=== Begin Enclosure ===

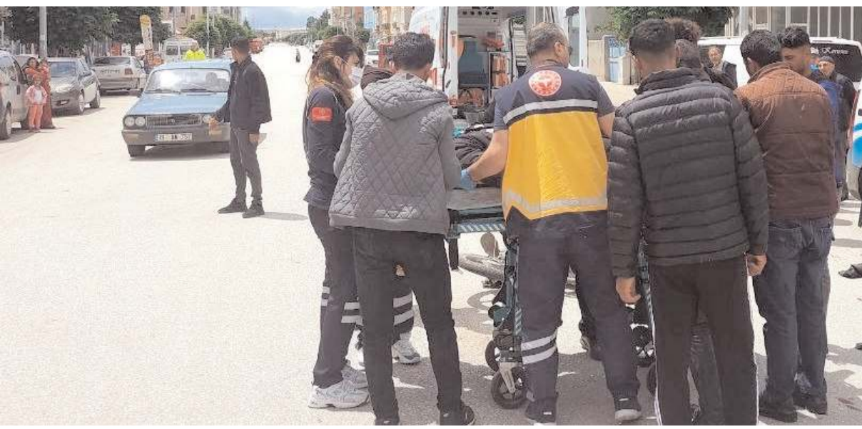
Kaza Ankara Caddesi'nde meydana geldi.
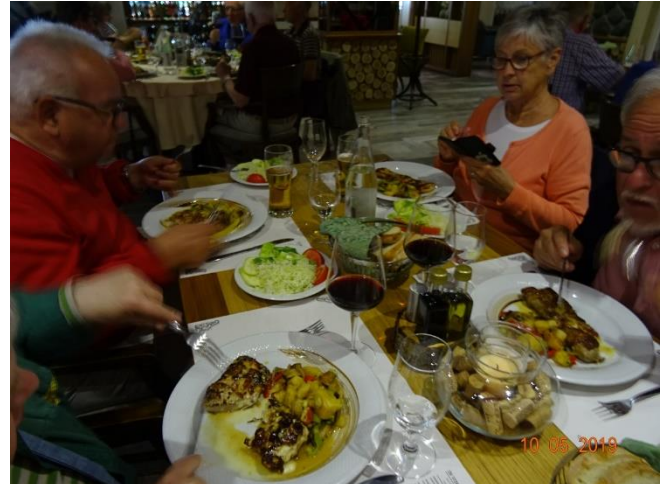
Mycket mättande lunch 10/5

10/5 Passerar sjön Skadar i södra Montenegro. Sedan förbi flygplatsen med den stora "Vingården 13 juli" nära huvudstaden Podgorica/Podgora och underjordiska rum för lagring av vin. Snabbprovning och inköp av deras vin Vranac. Mättande lunch på restaurang Manje Knjaz se bild. Retur på väg under ombyggnad. Avskedsmiddag på Ancora i Herceg Novi. Zlatko avtackas. 11/5 tidig hemresa efter en mycket omväxlande och spännande resa. / Palle

=== End Enclosure ===

What the task asks:
Please give the data again in full, exactly as written, but without any images.

Written reply:
Kaza Ankara Caddesi'nde meydana geldi.
Mycket mättande lunch 10/5

10/5 Passerar sjön Skadar i södra Montenegro. Sedan förbi flygplatsen med den stora "Vingården 13 juli" nära huvudstaden Podgorica/Podgora och underjordiska rum för lagring av vin. Snabbprovning och inköp av deras vin Vranac. Mättande lunch på restaurang Manje Knjaz se bild. Retur på väg under ombyggnad. Avskedsmiddag på Ancora i Herceg Novi. Zlatko avtackas. 11/5 tidig hemresa efter en mycket omväxlande och spännande resa. / Palle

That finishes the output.